Weekend Comics Backlog: Manifest Destiny #1 and #2 Review

Posted on Jan 11 2014 - 9:00am by Stephanie Burdo
collage Weekend Comics Backlog: Manifest Destiny #1 and #2 Review

Manifest Destiny Issues #1 and #2

[Weekend Backlog is a recurring feature that will provide readers with an in-depth analysis and review of some of the most popular comics, old and new. With so much out there to read it’s difficult to stay atop of the latest story arcs and plots. That’s where the Weekend Backlog comes in; you’ll no longer gamble hard-earned cash, as we’ll only recommend the best of the best without spoiling too much.]

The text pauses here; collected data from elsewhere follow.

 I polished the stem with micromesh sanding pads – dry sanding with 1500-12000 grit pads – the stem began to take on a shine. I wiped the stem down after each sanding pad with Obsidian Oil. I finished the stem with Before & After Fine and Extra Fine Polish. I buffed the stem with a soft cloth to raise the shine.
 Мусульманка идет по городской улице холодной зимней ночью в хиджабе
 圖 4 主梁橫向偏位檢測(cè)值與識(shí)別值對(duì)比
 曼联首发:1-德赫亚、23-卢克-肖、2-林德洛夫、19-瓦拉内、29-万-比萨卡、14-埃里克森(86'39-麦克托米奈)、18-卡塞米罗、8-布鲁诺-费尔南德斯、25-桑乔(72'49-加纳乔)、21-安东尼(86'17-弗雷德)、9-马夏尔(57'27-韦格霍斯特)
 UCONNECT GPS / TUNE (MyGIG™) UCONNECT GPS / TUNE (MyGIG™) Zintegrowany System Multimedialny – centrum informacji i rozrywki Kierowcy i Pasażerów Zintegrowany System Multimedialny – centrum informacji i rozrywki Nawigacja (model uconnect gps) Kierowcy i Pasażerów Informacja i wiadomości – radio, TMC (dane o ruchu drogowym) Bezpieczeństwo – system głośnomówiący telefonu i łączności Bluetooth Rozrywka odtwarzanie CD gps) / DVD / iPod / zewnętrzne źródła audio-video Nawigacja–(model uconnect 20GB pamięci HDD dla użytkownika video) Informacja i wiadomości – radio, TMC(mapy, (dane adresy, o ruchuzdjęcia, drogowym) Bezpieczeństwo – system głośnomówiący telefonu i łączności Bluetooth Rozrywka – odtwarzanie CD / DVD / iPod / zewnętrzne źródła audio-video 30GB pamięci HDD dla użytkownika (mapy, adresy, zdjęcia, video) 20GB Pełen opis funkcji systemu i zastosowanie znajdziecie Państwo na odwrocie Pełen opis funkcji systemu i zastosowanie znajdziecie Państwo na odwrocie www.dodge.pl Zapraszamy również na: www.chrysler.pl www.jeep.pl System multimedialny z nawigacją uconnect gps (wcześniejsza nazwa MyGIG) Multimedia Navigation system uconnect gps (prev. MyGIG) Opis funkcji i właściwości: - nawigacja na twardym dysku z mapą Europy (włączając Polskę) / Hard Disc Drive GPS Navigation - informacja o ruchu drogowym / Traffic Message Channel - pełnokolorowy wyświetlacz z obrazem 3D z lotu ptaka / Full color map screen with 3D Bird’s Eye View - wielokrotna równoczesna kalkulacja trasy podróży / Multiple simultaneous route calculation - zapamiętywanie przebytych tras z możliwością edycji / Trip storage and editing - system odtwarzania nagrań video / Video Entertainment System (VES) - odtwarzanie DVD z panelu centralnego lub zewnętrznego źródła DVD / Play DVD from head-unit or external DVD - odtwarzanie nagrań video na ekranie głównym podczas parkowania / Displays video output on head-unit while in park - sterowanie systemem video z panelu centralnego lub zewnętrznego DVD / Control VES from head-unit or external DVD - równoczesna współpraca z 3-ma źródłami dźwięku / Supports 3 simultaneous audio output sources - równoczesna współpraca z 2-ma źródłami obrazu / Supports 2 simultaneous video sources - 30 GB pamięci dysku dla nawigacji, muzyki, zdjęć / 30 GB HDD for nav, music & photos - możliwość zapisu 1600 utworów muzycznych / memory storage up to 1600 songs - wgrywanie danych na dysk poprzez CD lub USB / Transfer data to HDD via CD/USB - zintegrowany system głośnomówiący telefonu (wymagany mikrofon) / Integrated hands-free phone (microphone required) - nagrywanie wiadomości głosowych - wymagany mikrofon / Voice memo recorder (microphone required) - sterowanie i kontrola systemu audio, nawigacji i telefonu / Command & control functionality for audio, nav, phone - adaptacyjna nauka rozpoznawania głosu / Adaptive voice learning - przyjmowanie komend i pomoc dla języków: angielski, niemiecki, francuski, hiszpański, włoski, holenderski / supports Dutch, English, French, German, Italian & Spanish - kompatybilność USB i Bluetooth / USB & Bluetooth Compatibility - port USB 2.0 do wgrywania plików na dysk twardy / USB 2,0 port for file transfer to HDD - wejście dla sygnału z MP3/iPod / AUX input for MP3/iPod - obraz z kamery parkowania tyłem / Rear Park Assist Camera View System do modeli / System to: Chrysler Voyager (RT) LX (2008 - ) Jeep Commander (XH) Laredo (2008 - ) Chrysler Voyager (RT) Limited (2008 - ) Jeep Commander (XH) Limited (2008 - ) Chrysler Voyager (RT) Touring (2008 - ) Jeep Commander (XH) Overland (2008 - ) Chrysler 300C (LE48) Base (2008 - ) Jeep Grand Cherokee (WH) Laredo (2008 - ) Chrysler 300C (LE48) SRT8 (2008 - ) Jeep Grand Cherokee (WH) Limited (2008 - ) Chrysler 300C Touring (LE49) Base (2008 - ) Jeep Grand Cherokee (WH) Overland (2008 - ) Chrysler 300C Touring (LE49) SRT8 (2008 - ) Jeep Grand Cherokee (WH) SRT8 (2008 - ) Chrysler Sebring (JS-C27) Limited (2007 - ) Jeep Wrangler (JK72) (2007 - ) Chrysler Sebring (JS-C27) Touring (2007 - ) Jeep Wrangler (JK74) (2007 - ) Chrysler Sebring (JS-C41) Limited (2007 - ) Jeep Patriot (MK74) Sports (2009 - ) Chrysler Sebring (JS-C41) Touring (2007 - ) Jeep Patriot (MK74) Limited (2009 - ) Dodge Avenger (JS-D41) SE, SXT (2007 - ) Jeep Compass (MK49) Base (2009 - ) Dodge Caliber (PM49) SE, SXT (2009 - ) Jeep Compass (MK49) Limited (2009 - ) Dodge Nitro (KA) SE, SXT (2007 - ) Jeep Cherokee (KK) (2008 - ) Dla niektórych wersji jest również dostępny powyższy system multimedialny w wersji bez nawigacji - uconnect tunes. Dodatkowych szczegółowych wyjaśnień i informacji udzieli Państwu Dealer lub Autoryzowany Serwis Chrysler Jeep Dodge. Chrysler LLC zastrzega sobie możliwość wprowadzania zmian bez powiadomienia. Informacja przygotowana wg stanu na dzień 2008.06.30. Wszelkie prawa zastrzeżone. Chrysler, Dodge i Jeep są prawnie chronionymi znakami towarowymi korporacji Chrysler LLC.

Manifest Destiny: Issues #1 and #2

  • Author: Chris Dingess
  • Penciler: Matthew Roberts
  • Inker: Matthew Roberts
  • Colorist: Owen Gieni
  • Publisher: Image Comics

Rule number one before divulging into Manifest Destiny #1 is that you must skip to the back and read the aside from writer Chris Dingess. In this short one-page letter to the reader, Dingess explains his general upbringing and the development of his comic book tastes along with thanks and acknowledgements to some of the comic book industry’s biggest forefathers. Dingess’ love for bizarre comics such as Swamp Thing and Tomb of Dracula is the perfect introduction to the greatness that awaits you in the first issue.

Written by Syfy’s Being Human writer Chris Dingess along with Battle Pope’s artist Matthew Roberts; Manifest Destiny is a new adventure for both of these artistic virtuosos. With Dingess’ ominous way with words and Robert’s bold and gorgeous art style, Manifest Destiny does not disappoint.

The story follows Lewis and Clark’s historical expedition, but with a “monstrous” twist that is very unlike the history books. Lewis the scientific observer and Clark the stern soldier have strict orders to carry out: western exploration. The crew sails toward unexplored monster-infested civilizations with nothing but muskets and hired criminals at their side. The possible fate of discovery is unknown to the criminals onboard, which makes for a thrilling sub drama amongst the overall plot line.

flower Weekend Comics Backlog: Manifest Destiny #1 and #2 Review

The strange skull flower.

Issue #1 introduces the cast of characters — except for Lewis and one of the hired criminals. The crew finally hits the shore with an eerie sense of unease with a brief understanding of their mission goal. With the ship still in sight, the crew finds a mysterious arch made entirely of winding plants riddled with disturbing flowers resembling human skulls. As they approach the arch and settle for observation, a beast approaches the site at full speed toward Lewis in attempt to harm him. The crew surrounding Lewis quickly takes down the beast and luckily no one is harmed. In the nearby brush however, trickery brews and a murder is committed. There’s an unknown evil in their midst, and it is a member of Lewis and Clark’s crew.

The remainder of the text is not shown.